What needs to be done:
All of the data should be reproduced word for word, though its pictures must be omitted.

Data provided:
[Start of section]

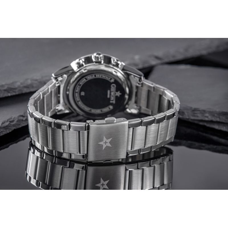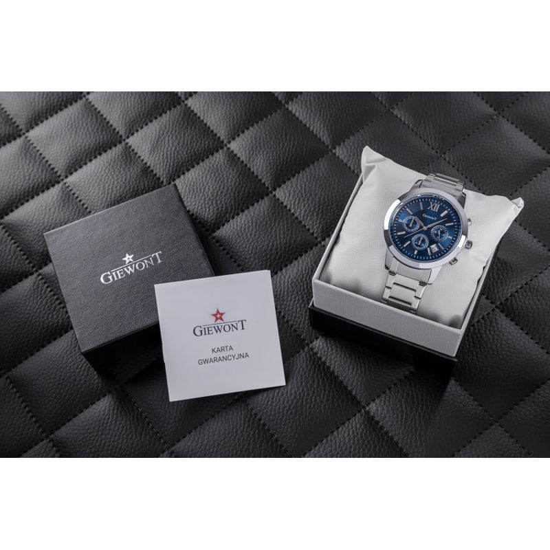 Komfortowa, stalowa bransoleta to znakomite uzupełnienie tego zegarka. Rodzaj bransolety jest gwarancją solidności i wygody podczas codziennego użytkowania. Komfort dopełnia odpowiednia jakość stali, która komfortowo dopasowuje się do męskiego nadgarstka. Zapięcie sygnowane jest logiem marki Giewont, co podnosi prestiż zegarka i zapewnia wyjątkowość na tle innych marek zegarków.
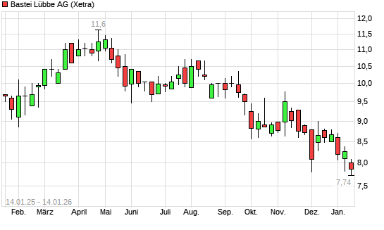 Mit dem Rücksetzer auf 7,80 EUR hat die Bastei Lübbe-Aktie (ISIN DE000A1X3YY0) am 13.01.2026 ein neues 12-Monats-Tief erreicht und damit den Kurs vom 12.01.2026 eingestellt.
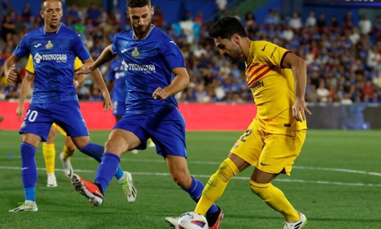 استهل برشلونة رحلة الدفاع عن لقب دوري الدرجة الأولى الإسباني لكرة القدم بتعادل دون أهداف مع مضيفه خيتافي في مباراة شهدت طرد لاعب من كل فريق بجانب المدرب تشافي هرنانديز يوم أمس الأحد.

[End of section]

Answer for the task:
 Komfortowa, stalowa bransoleta to znakomite uzupełnienie tego zegarka. Rodzaj bransolety jest gwarancją solidności i wygody podczas codziennego użytkowania. Komfort dopełnia odpowiednia jakość stali, która komfortowo dopasowuje się do męskiego nadgarstka. Zapięcie sygnowane jest logiem marki Giewont, co podnosi prestiż zegarka i zapewnia wyjątkowość na tle innych marek zegarków.
 Mit dem Rücksetzer auf 7,80 EUR hat die Bastei Lübbe-Aktie (ISIN DE000A1X3YY0) am 13.01.2026 ein neues 12-Monats-Tief erreicht und damit den Kurs vom 12.01.2026 eingestellt.
 استهل برشلونة رحلة الدفاع عن لقب دوري الدرجة الأولى الإسباني لكرة القدم بتعادل دون أهداف مع مضيفه خيتافي في مباراة شهدت طرد لاعب من كل فريق بجانب المدرب تشافي هرنانديز يوم أمس الأحد.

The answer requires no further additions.